Record excerpts
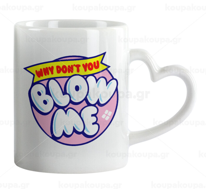Why Don't You Blow Me Funny, Mug heart handle, ceramic, 330ml
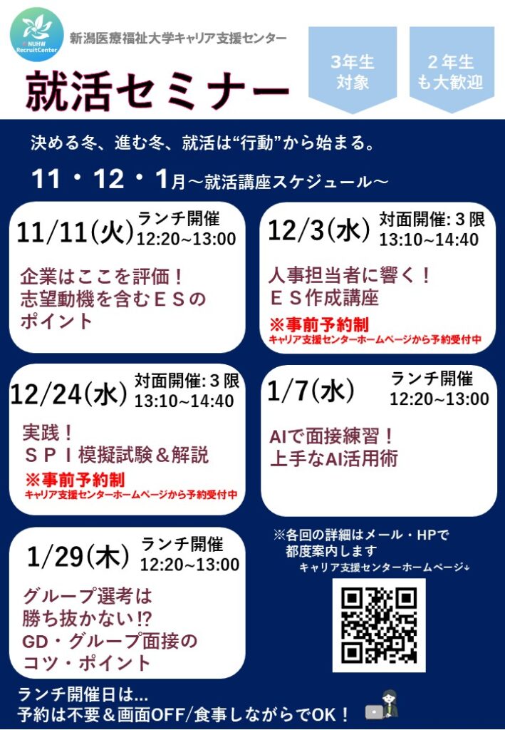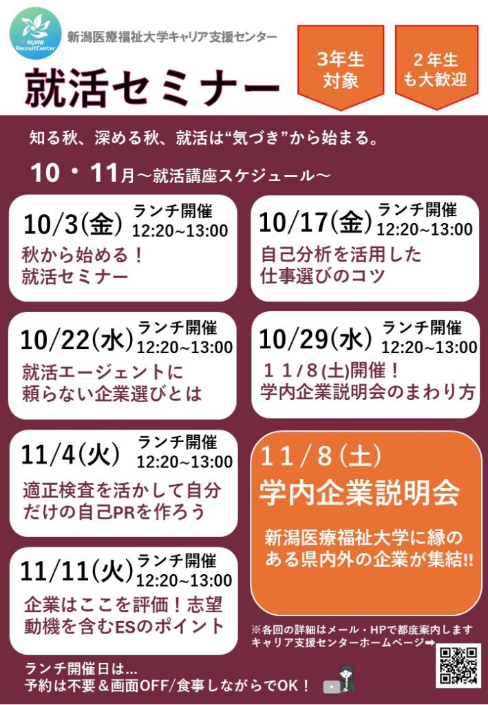 詳細:https://www.nuhw-recruit.jp/news-event/11-8%e5%9c%9f%e5%ad%a6%e5%86%85%e4%bc
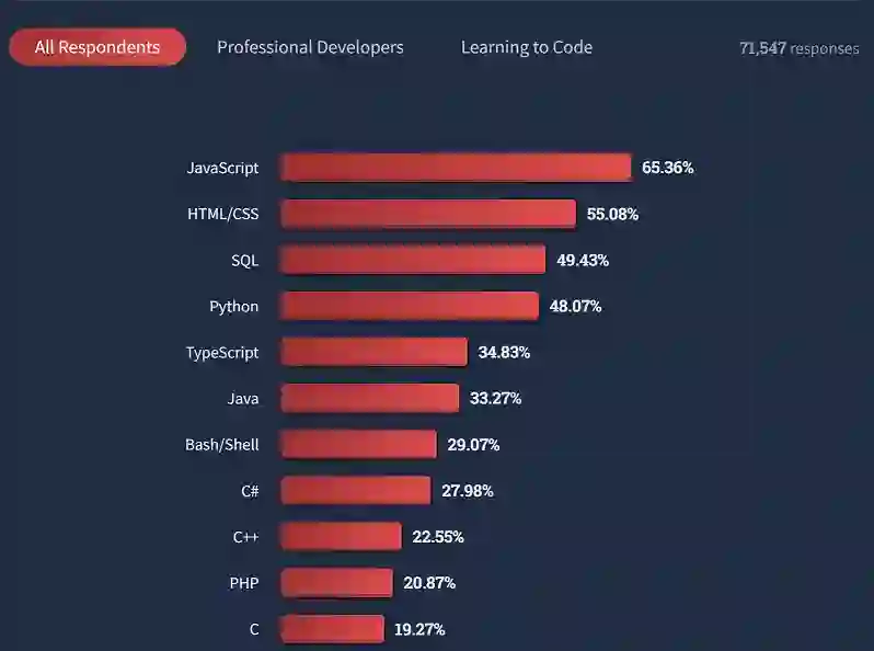 超过 65% 的开发人员使用 JavaScript,远远超过排在第二位的 Python
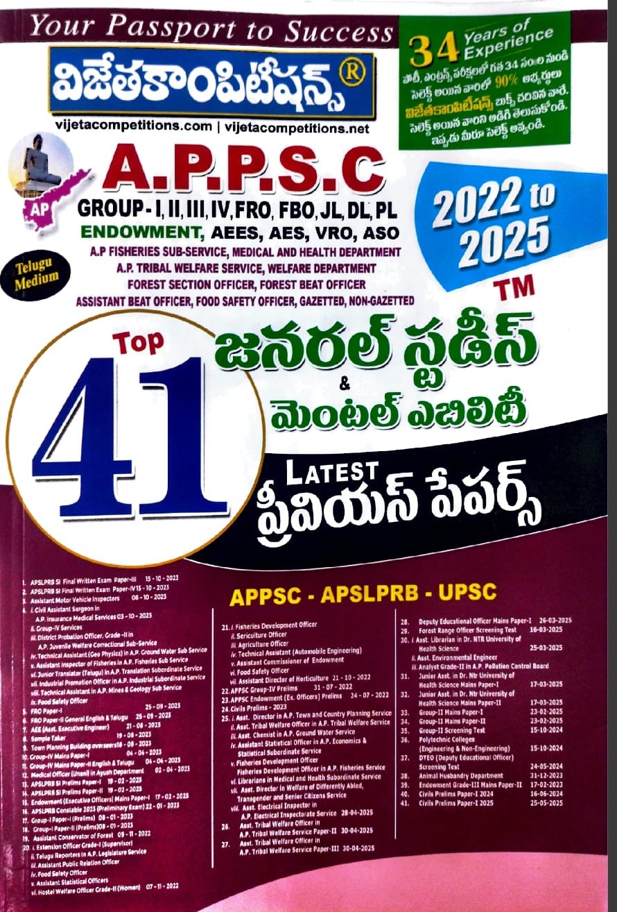 VIJETA COMPITITION APPSC GENERALSTUDIES & MENTALABILITY TOP-41 LATEST PREVIOUSPAPERS 2022-2025 TELUGU MEDIUM
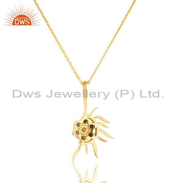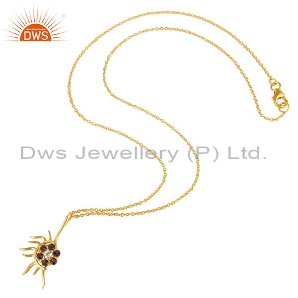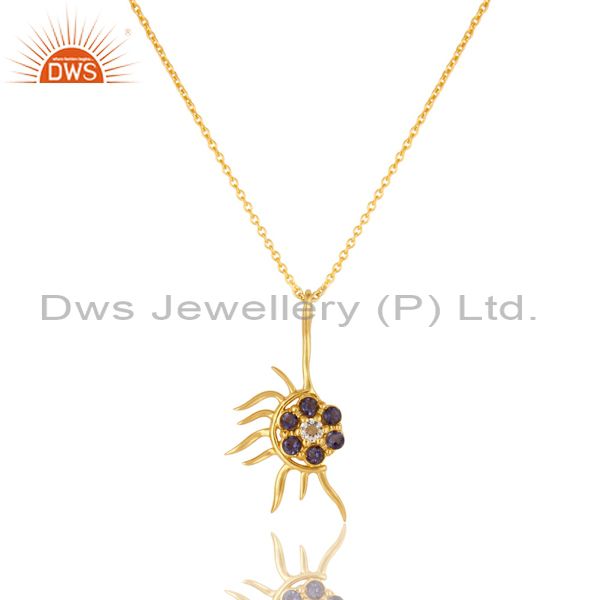 18K Gold Plated Sterling Silver Iolite And White Topaz Designer Pendant Necklace
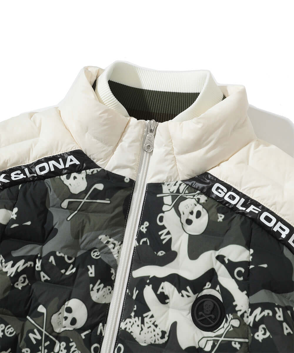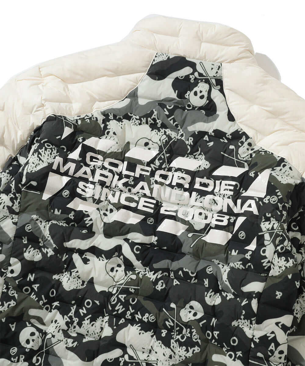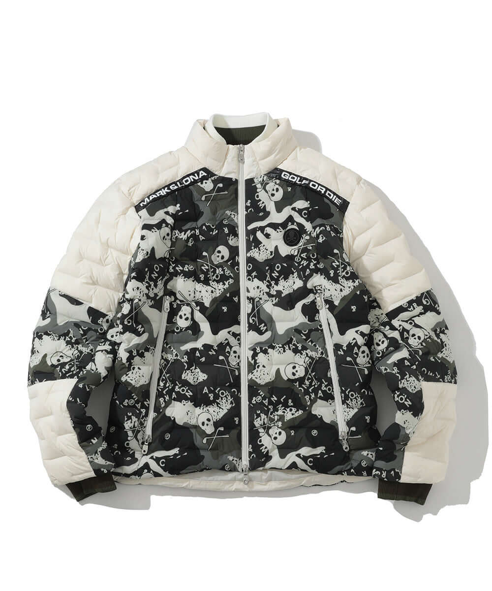 Seamless down jacket. A tight-fitting silhouette that takes advantage of the characteristics of the material. The main body is made of durable high stretch material and has a skull x camouflage pattern. In addition, The inside is filled with high-quality down with over 700 fill power, providing excellent heat retention even on cold days.
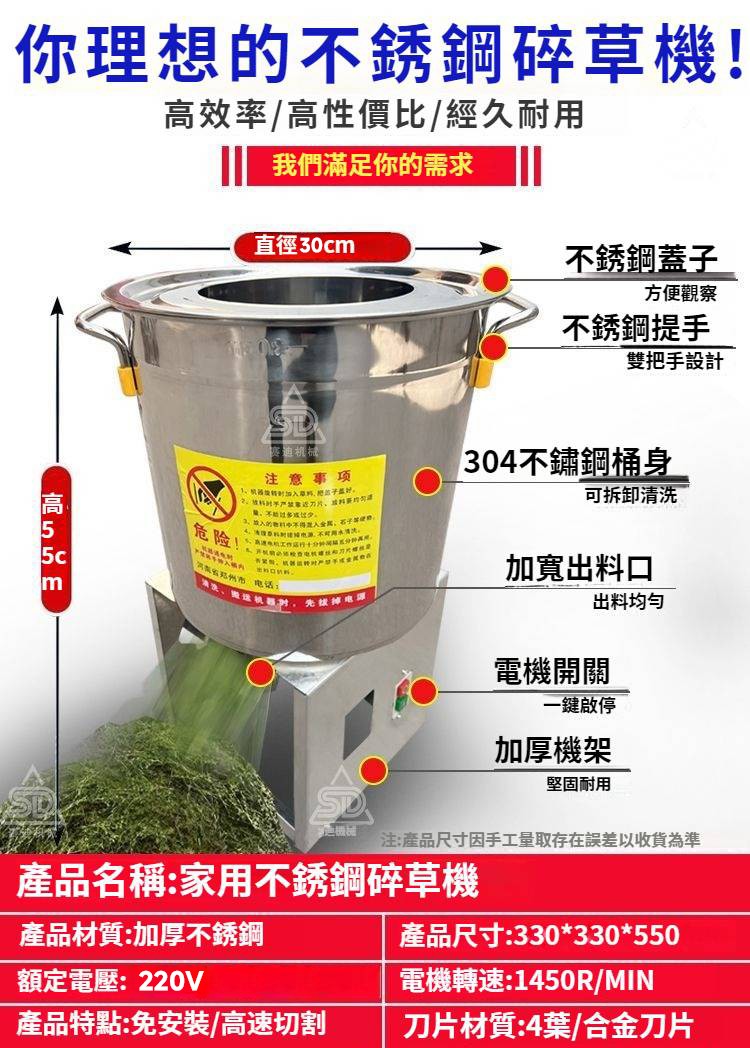 25分鐘前【養殖好幫手】多功能碎菜機,碎菜只需1秒,廠家直銷,貨到付款 量大優惠! - 800W不鏽鋼台式碎菜機--NT$3590
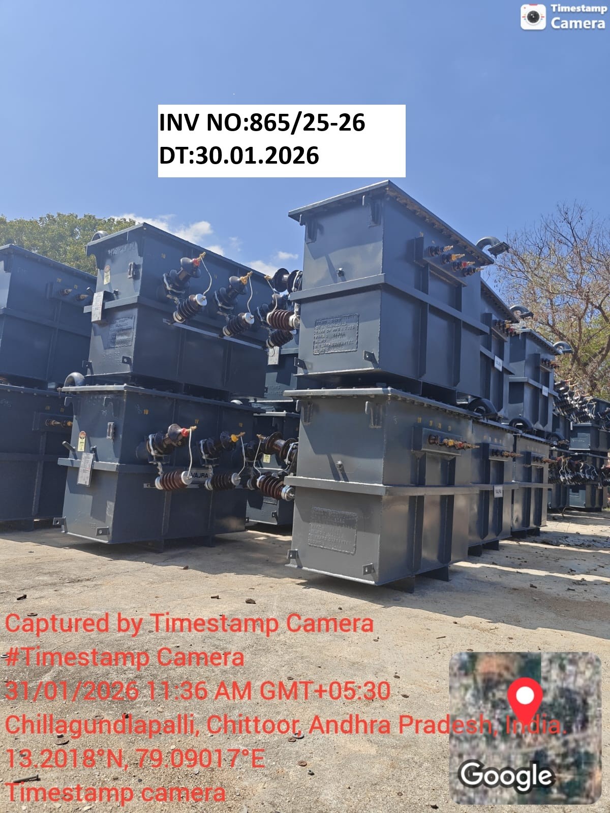 | 25 | 10.04.2025 | 5100007847 | 1 | SP:99/24 | 212399 | Vajra Transpower Pvt Ltd | AAA-ADE 3 P&MM | DTC30153 | 3PH 63 KVA DTR Amor /CRGO AL BEE 5 Star | EA | 28.01.2026 | 4100015544 | 2 | 31.10.2025 | CHITTOOR,ANDHRA PRADESH | 9440811853 | 2 | 8.000 | 30.01.2026 | 865/25-26 | Pashamailaram, Telangana | 30.01.2026 / 15:00 | 597 | 31.01.2026 / 02:56 | TRANSINDIALOGISTICS | 9121154544 | AP39U0730 | Download E-way Bill Copy | 0.000 | 0.000 | No Attachment | 0.000 | No Attachment | 0.000 | None | No Attachment | No Attachment | None | 8 | Vehicle Photo | Download Received Material Photo | Trans India Logistics | 31.01.2026 | 12:13 | Signed Acknowledgement | MOHAN RAO MURAHARI | 8985911893 | |||||||
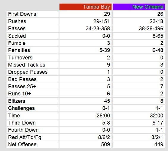But, the Tampa run and pass game ground down New Orleans with a more balanced 3 touchdowns each. Hilger suffered some at the Tampa defense, too, enduring 8 sacks on the game. With the win, Tampa moves to 4-5 and within striking distance of the playoffs.
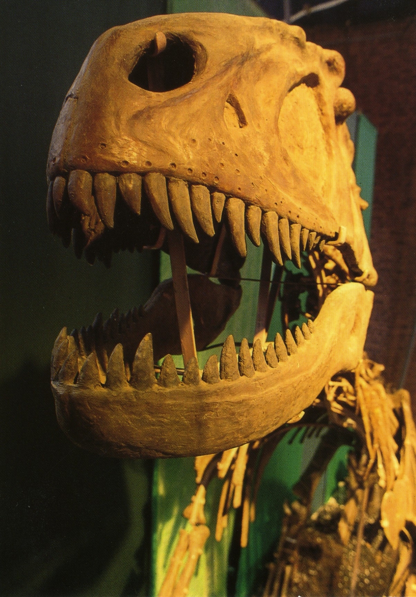'Ingår i en serie med Fotonr. 5419 med Göteborgs Naturhistoriska museums olika vykort genom åren. :: :: Skalle från rovdinosaurie från Yangchuan.'
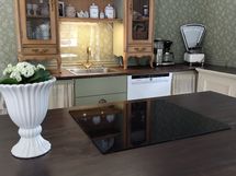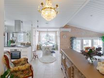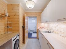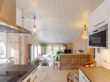 - Keittiön varusteet: Keittiösaareke. Keittiö valmistunut 2020, pintoja päivitetty 2025: Kaapistot , saareke, jossa erillis-kiertoilmauuni, induktioliesi ja liesikupu, jääkaappi, pakastin, mikroaaltouuni, astianpesukone.
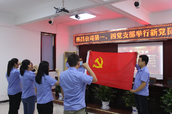 值此中國(guó)共產(chǎn)黨成立九十九周年之際,7月1日上午,核昌公司第一、四黨支部在公司大會(huì)議室舉行新黨員入黨宣誓儀式。參加儀式的有公司黨委工作部部長(zhǎng),團(tuán)委書(shū)記,第一、四黨支部全體黨員、入黨積極分子。大會(huì)由第四黨支部書(shū)記楊艷主持。
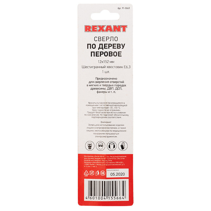 Сверло перовое по дереву 12х152 мм (шестигранный хвостовик) REXANT Артикул 91-0663
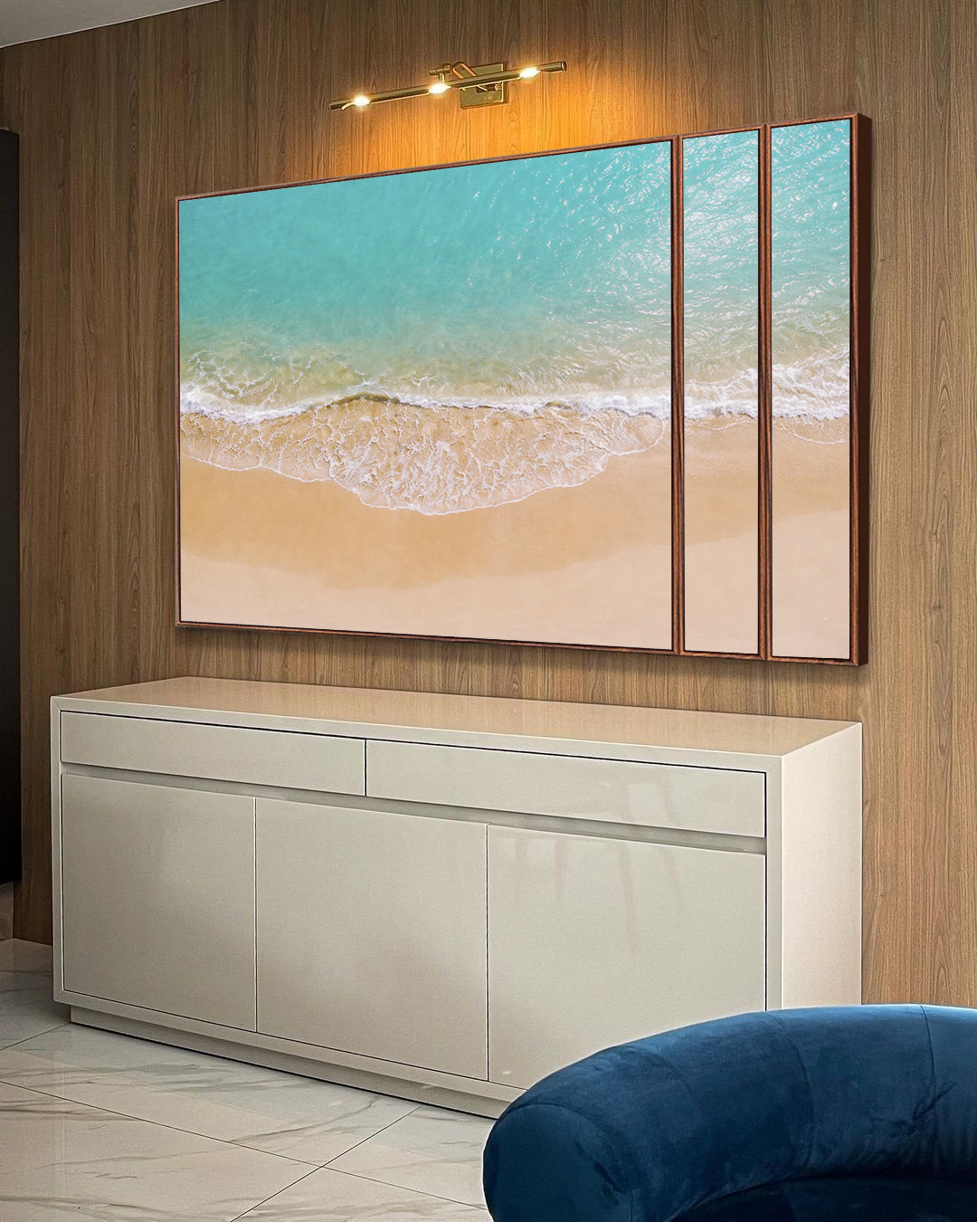 Mar azul turquesa brilhando sob a luz do sol, cenário de praia clara que transmite calma, frescor e liberdade. Perfeito para sala de estar, quarto, hall, consultório ou ambientes de decoração praiana, tropical, contemporânea ou minimalista.

Work instructions
Retype the records above word for word, from their first line through the line containing "- Keittiön varusteet: Keittiösaareke.", and leave out every picture.

Solution
Why Don't You Blow Me Funny, Mug heart handle, ceramic, 330ml
 詳細:https://www.nuhw-recruit.jp/news-event/11-8%e5%9c%9f%e5%ad%a6%e5%86%85%e4%bc
 超过 65% 的开发人员使用 JavaScript,远远超过排在第二位的 Python
 VIJETA COMPITITION APPSC GENERALSTUDIES & MENTALABILITY TOP-41 LATEST PREVIOUSPAPERS 2022-2025 TELUGU MEDIUM
 18K Gold Plated Sterling Silver Iolite And White Topaz Designer Pendant Necklace
 Seamless down jacket. A tight-fitting silhouette that takes advantage of the characteristics of the material. The main body is made of durable high stretch material and has a skull x camouflage pattern. In addition, The inside is filled with high-quality down with over 700 fill power, providing excellent heat retention even on cold days.
 25分鐘前【養殖好幫手】多功能碎菜機,碎菜只需1秒,廠家直銷,貨到付款 量大優惠! - 800W不鏽鋼台式碎菜機--NT$3590
 | 25 | 10.04.2025 | 5100007847 | 1 | SP:99/24 | 212399 | Vajra Transpower Pvt Ltd | AAA-ADE 3 P&MM | DTC30153 | 3PH 63 KVA DTR Amor /CRGO AL BEE 5 Star | EA | 28.01.2026 | 4100015544 | 2 | 31.10.2025 | CHITTOOR,ANDHRA PRADESH | 9440811853 | 2 | 8.000 | 30.01.2026 | 865/25-26 | Pashamailaram, Telangana | 30.01.2026 / 15:00 | 597 | 31.01.2026 / 02:56 | TRANSINDIALOGISTICS | 9121154544 | AP39U0730 | Download E-way Bill Copy | 0.000 | 0.000 | No Attachment | 0.000 | No Attachment | 0.000 | None | No Attachment | No Attachment | None | 8 | Vehicle Photo | Download Received Material Photo | Trans India Logistics | 31.01.2026 | 12:13 | Signed Acknowledgement | MOHAN RAO MURAHARI | 8985911893 | |||||||
But, the Tampa run and pass game ground down New Orleans with a more balanced 3 touchdowns each. Hilger suffered some at the Tampa defense, too, enduring 8 sacks on the game. With the win, Tampa moves to 4-5 and within striking distance of the playoffs.
'Ingår i en serie med Fotonr. 5419 med Göteborgs Naturhistoriska museums olika vykort genom åren. :: :: Skalle från rovdinosaurie från Yangchuan.'
 - Keittiön varusteet: Keittiösaareke. Keittiö valmistunut 2020, pintoja päivitetty 2025: Kaapistot , saareke, jossa erillis-kiertoilmauuni, induktioliesi ja liesikupu, jääkaappi, pakastin, mikroaaltouuni, astianpesukone.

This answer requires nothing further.